26-10-2016

AZL Architects and Librairie Avant-Garde Tonglu, China

AZL Architects,

Yao Li,

Essen,

contemporary, Design,

The eleventh Librairie Avant-Garde is located in the village of Daijiashan, near Tonglu in eastern China. Designed by AZL Architects, the bookstore opened by the famous Chinese brand Librairie Avant-Garde is now part of life in the little village, a place for locals and visitors to mingle.



AZL Architects and Librairie Avant-Garde Tonglu, China

Librairie Avant-Garde, China’s best-known book distributor, asked AZL Architects to design what appears to be an unusual commercial venture: a bookshop in a small Chinese village. AZL Architects’ project is part of a vision of renewal in which the values of farming life, the rhythms of the countryside, and the spirit of slowness inspire the transformation and modernisation of a vacant property in the centre of the village.
It all began with a neglected vacant property of the type that is only too common in rural villages, in Europe as in China, located right on the town’s main street, where the locals stroll and tourists and passers-by appear every day. As Daijiashan is located on a mountain slope, the site is reached by leaving the main road where a stone wall opens up onto a flight of stairs.
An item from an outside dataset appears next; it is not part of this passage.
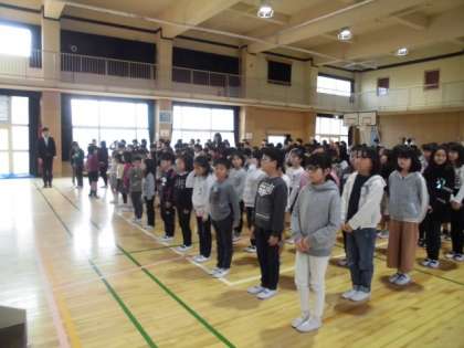 続いて、生活指導担当からは「三つの車」(赤い車−消防車、白い車−救急車、白と黒の車−パトカー)ということで、火の用心、健康面、安全面についての話がありました。

At the bottom of the stairs, a patio extends out toward the valley, with traditional Chinese yellow brick buildings with gabled roofs on either side. 

Though the building to the east is directly accessible from the street, the architects decided to make use of the entire complex of two buildings and the patio, and so they shifted the entrance to the middle, by the stone wall, using similar stones to fill in what used to be the door on the street. They then used the same type of stone to build the low walls along the street, creating street furnishings and therefore a new “little square” in front of the entrance, where people can stop, look and satisfy their curiosity.
Here visitors find themselves before two buildings that still maintain the structure of the old rural buildings made of yellow mud, now recognised as community spaces open to the public. When approaching them from the east or west, the two volumes look like “torches” on an architectural scale, landmarks by day and, especially, by night thanks to the lights clearly showing what is going on inside the buildings. The roofs of the two old country houses have been raised 60 cm, along with the wooden trusses supporting them, using traditional local building methods. Then all the outside walls were completed with glass and slender vertical windows revealing the contemporary renovation of the old buildings. 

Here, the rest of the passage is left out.